RICH AND RENEE BLACKMORE, HUSBAND AND WIFE, BOTH INDIVIDUALLY, AND IN THEIR CAPACITY AS NATURAL PARENTS AND GUARDIANS AD LITEM OF RICH BLACKMORE, A MINOR CHILD, PLAINTIFFS-APPELLANTS,
v.
RE/MAX TRI-CITIES, LLC, SUE MIO, INDIVIDUALLY, BRAD THOMPSON, INDIVIDUALLY, AND KEVIN AND CHRIS RHINEHART, HUSBAND AND WIFE, DEFENDANTS-RESPONDENTS.



Appeal from the District Court of the Third Judicial District of the State of Idaho, Payette County. Hon. Gordon W. Petrie, District Judge.

The opinion of the court was delivered by: W. Jones, Justice

2010 Opinion No. 79

The decision of the district court is affirmed. Costs are awarded to Re/Max.

I. FACTS AND PROCEDURAL HISTORY

This case concerns events surrounding the purchase of property by the appellants, Rich and Renee Blackmore. The Blackmores were interested in moving from California to Idaho. Renee Blackmore (Renee) looked online for properties in Idaho and found a few that fit their needs. One of those properties was listed by Brad Thompson (Thompson) of Re/Max Tri-Cities, LLC (Re/Max). The Blackmores eventually traveled to Idaho to view properties. Thompson showed the Blackmores their current property, which is located on First Street in Fruitland, Idaho (the Property). The owners of the property at that time were Kevin and Chris Rhinehart.

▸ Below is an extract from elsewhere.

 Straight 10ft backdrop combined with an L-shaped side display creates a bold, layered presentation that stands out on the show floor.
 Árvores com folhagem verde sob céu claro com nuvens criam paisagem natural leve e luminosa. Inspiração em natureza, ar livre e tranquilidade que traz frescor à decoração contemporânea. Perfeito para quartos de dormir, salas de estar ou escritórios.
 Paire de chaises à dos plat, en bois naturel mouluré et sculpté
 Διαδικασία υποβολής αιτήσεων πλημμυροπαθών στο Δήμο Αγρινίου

The selling agent for the Rhineharts was Sue Mio (Mio) of Re/Max.

The Blackmores had a friend, Rae Lubiewski, who is a licensed real estate agent, draft an offer to purchase the Property. The offer was faxed to the office of Re/Max and then Thompson took over for Lubiewski. The Blackmores entered into an independent contractor agreement for Thompson to act as their real estate agent. The offer was accepted by the Rhineharts, and the parties entered into a real estate purchase and sale agreement (the Purchase and Sale Agreement) on September 3, 2005. Under the terms of the Purchase and Sale Agreement, the transaction was contingent upon the Blackmores' satisfaction with the condition of the property. The Blackmores had the right to have the property inspected, and the contract included a procedure for repairs to be made by the Rhineharts. The Purchase and Sale Agreement gave the Blackmores the option not to continue with the transaction if necessary repairs were not made by the Rhineharts. It also provided that the transaction was contingent on the results of a ―well inspection‖ satisfactory to the Blackmores.

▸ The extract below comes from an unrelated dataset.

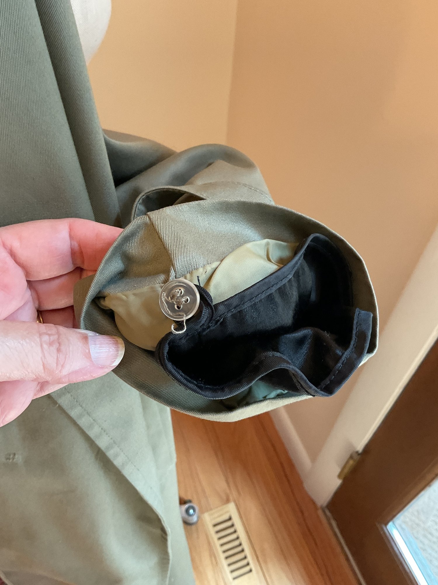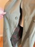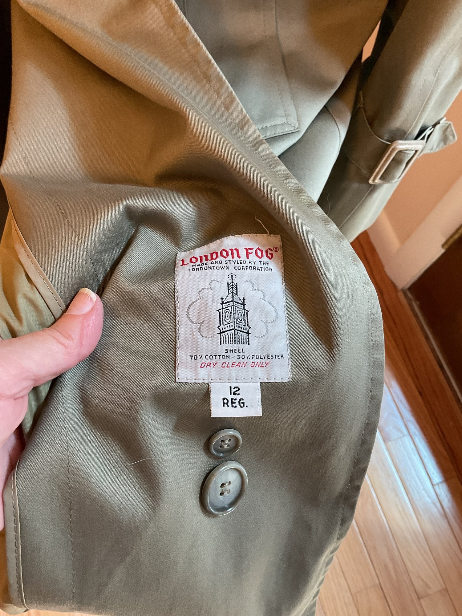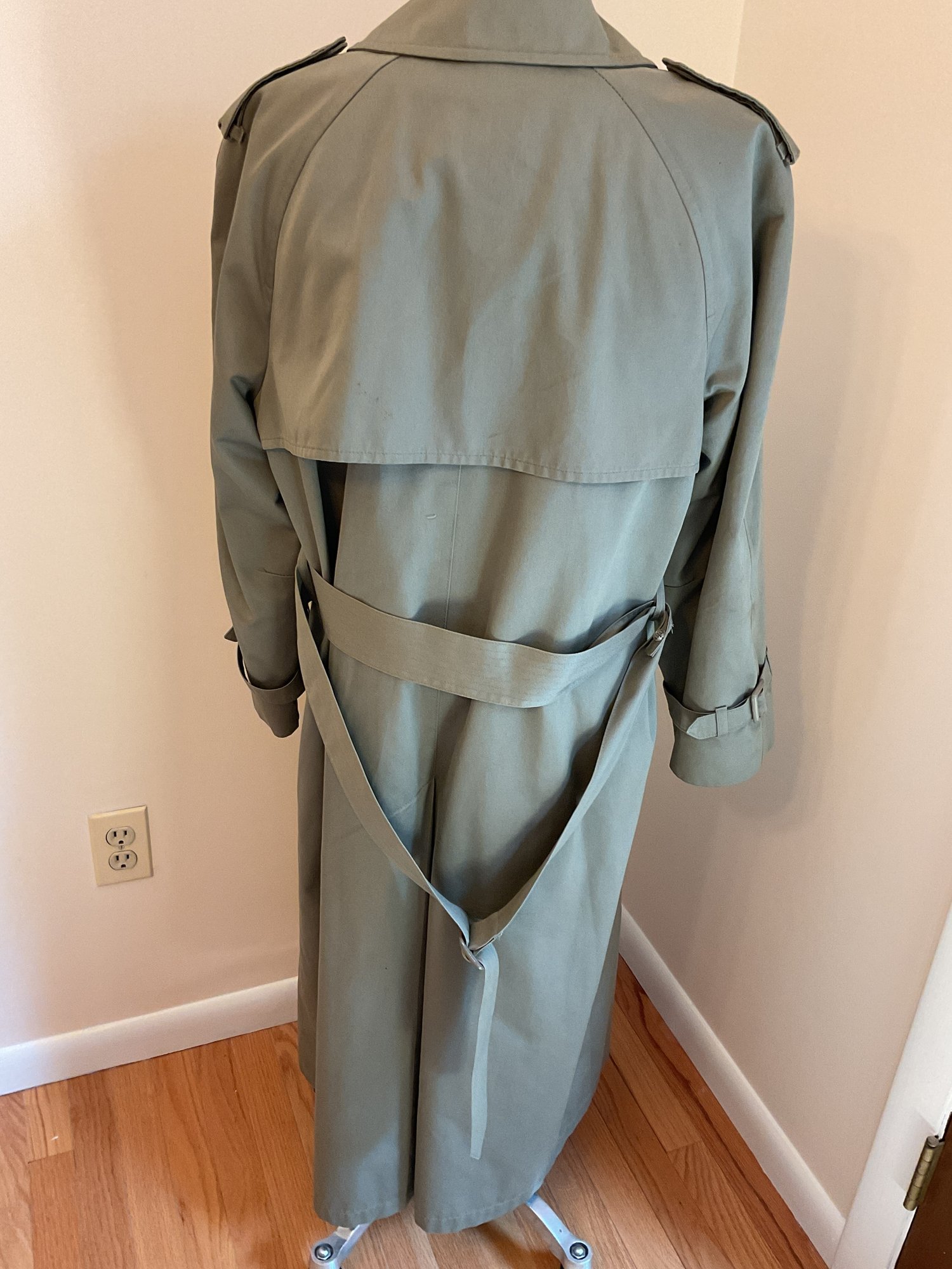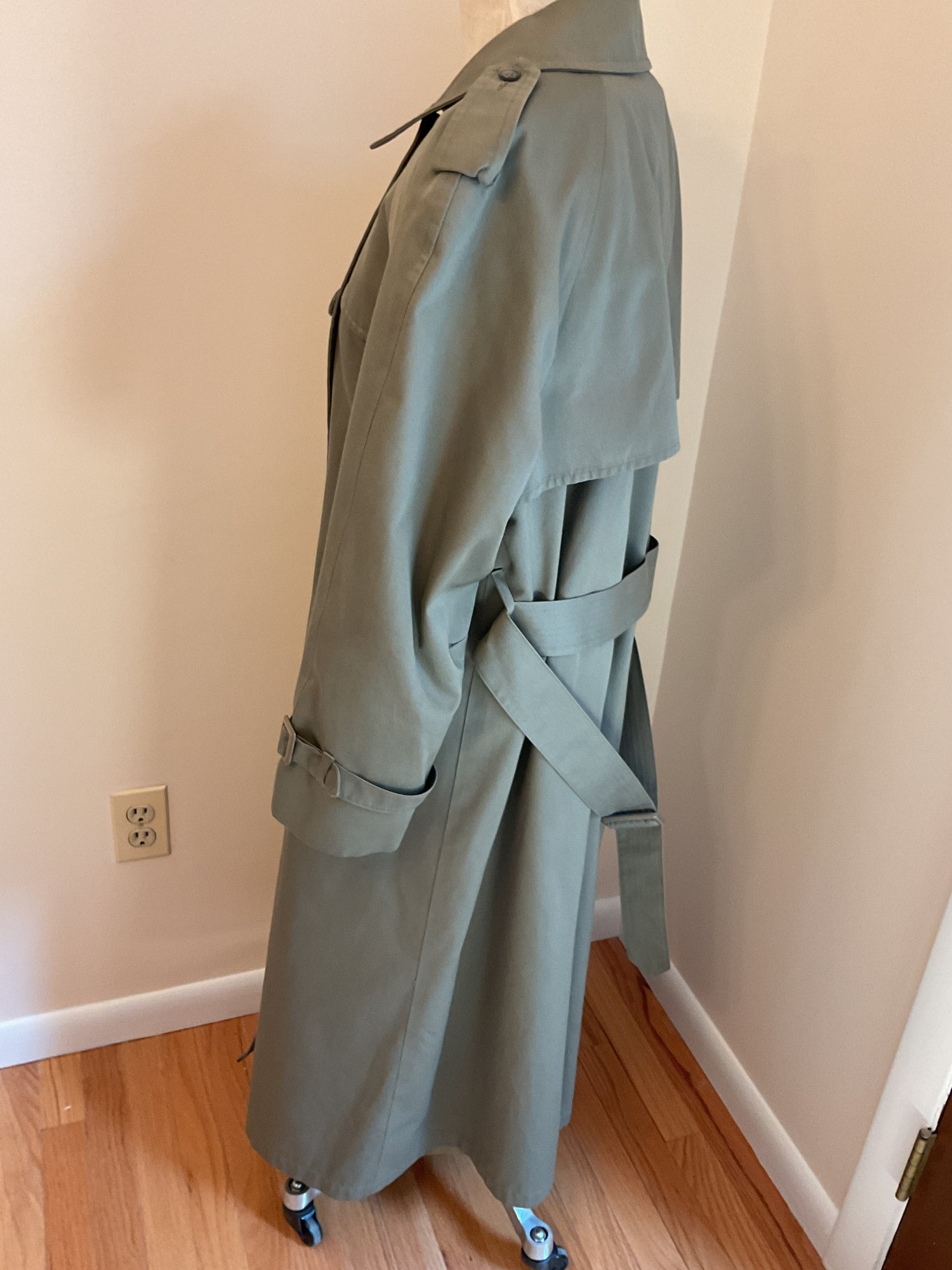 Classic women's double breasted trench coat in taupe, likely 80's vintage and in very good condition. Zip out wool liner, adjustable cuffs and original belt all present. One missing button on the front has replacement on the inside and one small spot of dirt on the sleeve as shown. Timeless style!

The Rhineharts provided the Blackmores with a completed property condition disclosure form. The Blackmores thereafter obtained an inspection from a professional home inspector. The inspector found inconsistencies with representations made in the disclosure form. The Blackmores offered Addendum #1 to the Purchase and Sale Agreement, which placed additional conditions upon the transaction. The Rhineharts rejected Addendum #1 and suggested the parties agree to the terms of Addendum #2, which required the Blackmores to accept the property ―as is‖ in exchange for a $10,000 reduction in the purchase price. The Blackmores accepted Addendum #2 on September 22, 2005. The closing occurred on September 30, 2005.

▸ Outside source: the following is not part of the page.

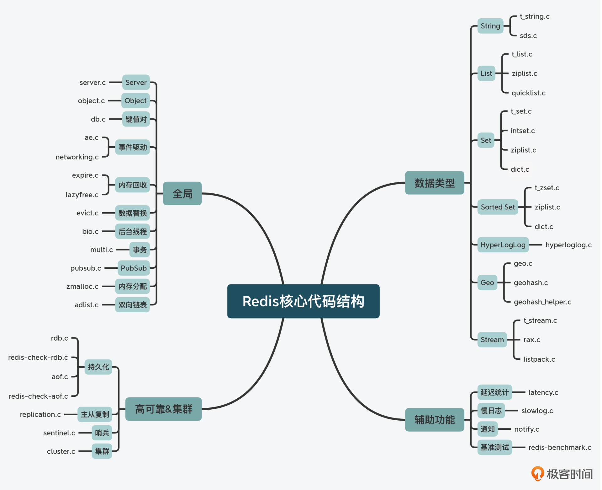 一切操作的基础,其实都是基于这些最常用的数据类型来做的,比如String、List、Hash、Set、Sorted Set等。所以,我们就可以从这些基础模块开始读起,也就是从t_string.c、t_list.c、t_hash.c、t_set.c、t_zset.c代码入手。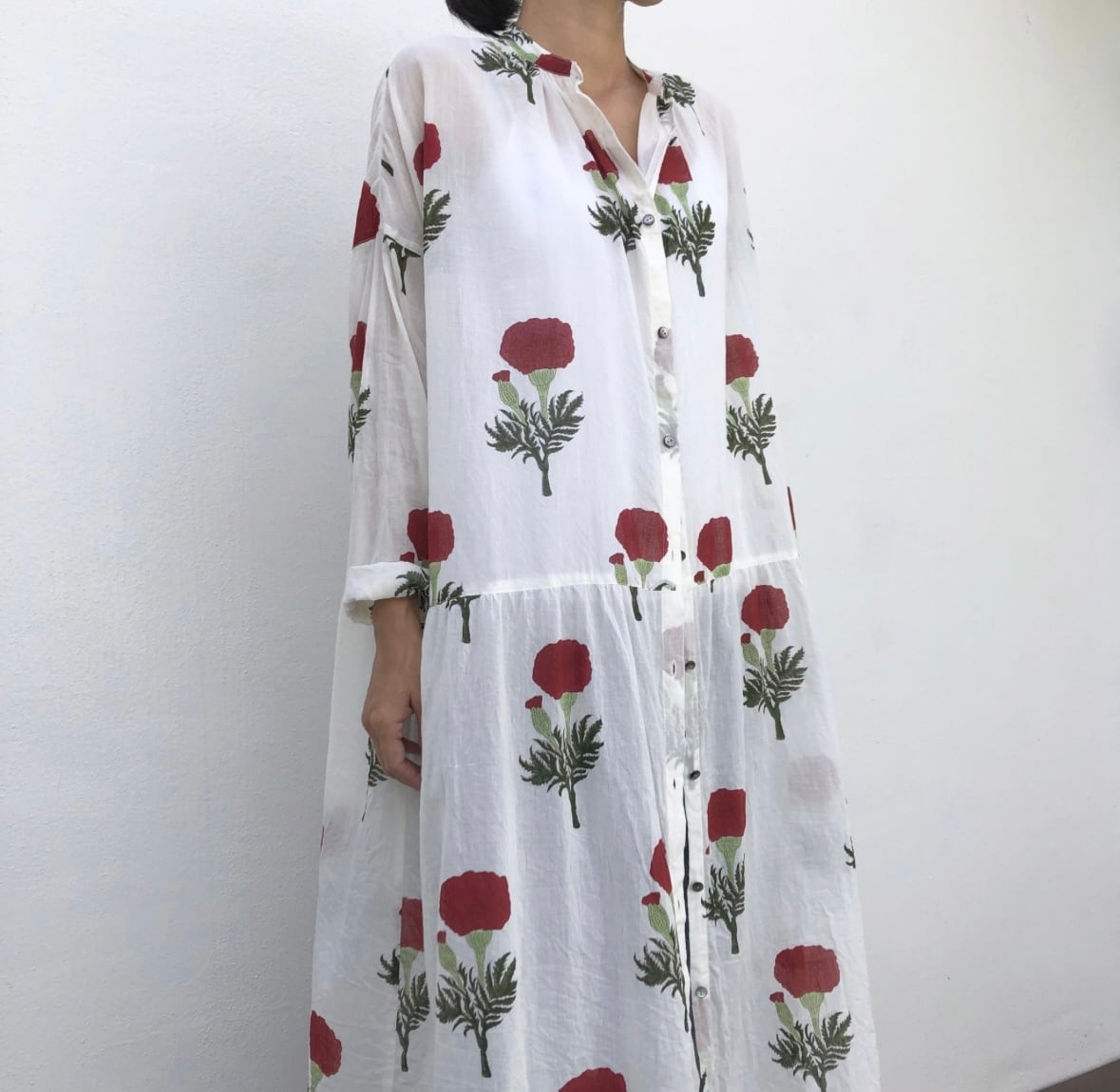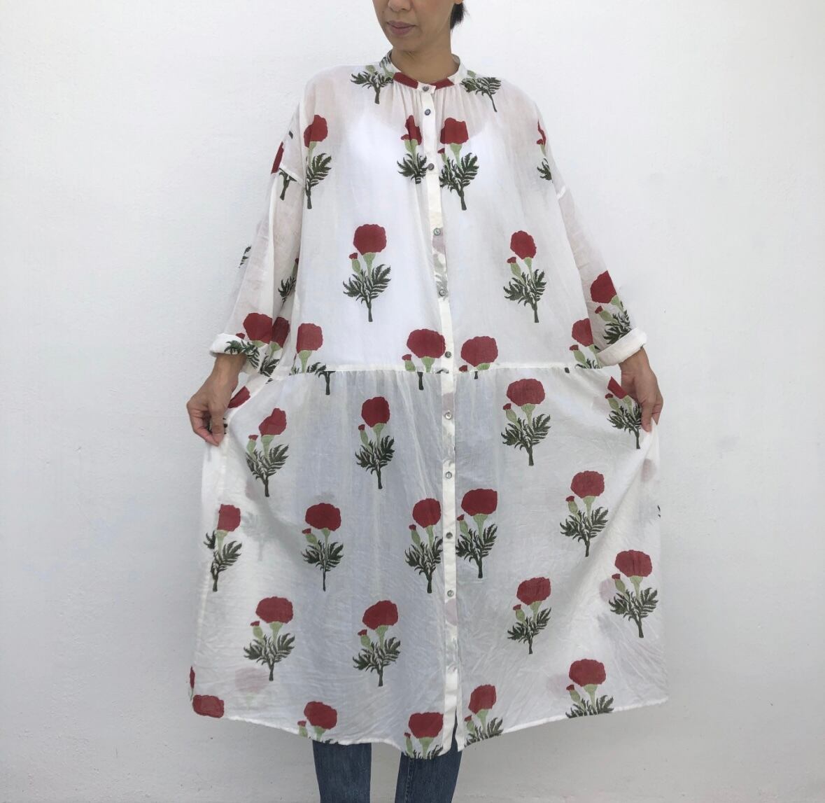 軽くて柔らかいインドの生地は気温の高低差が有る秋や春の季節にピッタリです。ロング丈のシャツワンピースは、ワンピースとしてはもちろん日除け、羽織物として持ち歩きにも便利です!ボトムにはデニムを合わせたり、スカートを合わせたりとコーディネイトの幅も広いので着回しが利くワードローブとして大活躍してくれそうです!

The day before the closing, Mio, without knowing a test had been requested, arranged for Alchem Laboratories to test the well water for coliform bacteria. Thompson first discussed the test with the Blackmores after he learned that Mio was having the water tested. Thompson relayed the results of the test to the Blackmores. There is debate over what was said in the communications between Thompson and the Blackmores regarding the test. The Blackmores claim that they asked Thompson for a full-panel water test to be performed, and Rich Blackmore (Rich) testified that he and Thompson ―talked about doing a full-panel water test.‖ Rich also testified that he and Thompson discussed what the inspection entailed, including the functioning of the well and the quantity and quality of the water. The Blackmores claim that Thompson then informed them that the ―water test came back fine....‖ On the other hand, Thompson claims he informed the Blackmores of the limited scope of the test-that the test indicated that the well did not contain coliform. Rich admitted that he never asked for a copy of the test results and never paid for the test.

The Blackmores claim that about one year after moving onto the property, they noticed that their son had a lack of appetite, dark circles under his eyes and was lethargic. The Blackmores claim that they later learned that he suffered from a condition brought on by consumption of dangerous levels of arsenic. The Blackmores had their well tested; in total, three tests were performed. The first test revealed that the well water contained twenty parts per billion of arsenic; the second test showed that the water contained twenty-seven parts per billion; and the third test showed that the water contained ten parts per billion. The Environmental Protection Agency (EPA) mandates that the maximum contaminant level for arsenic in a community water system is fifty parts per billion. 40 C.F.R. § 141.11(a). Rich testified that the presence of arsenic, even at levels below the EPA standards, would have been unacceptable.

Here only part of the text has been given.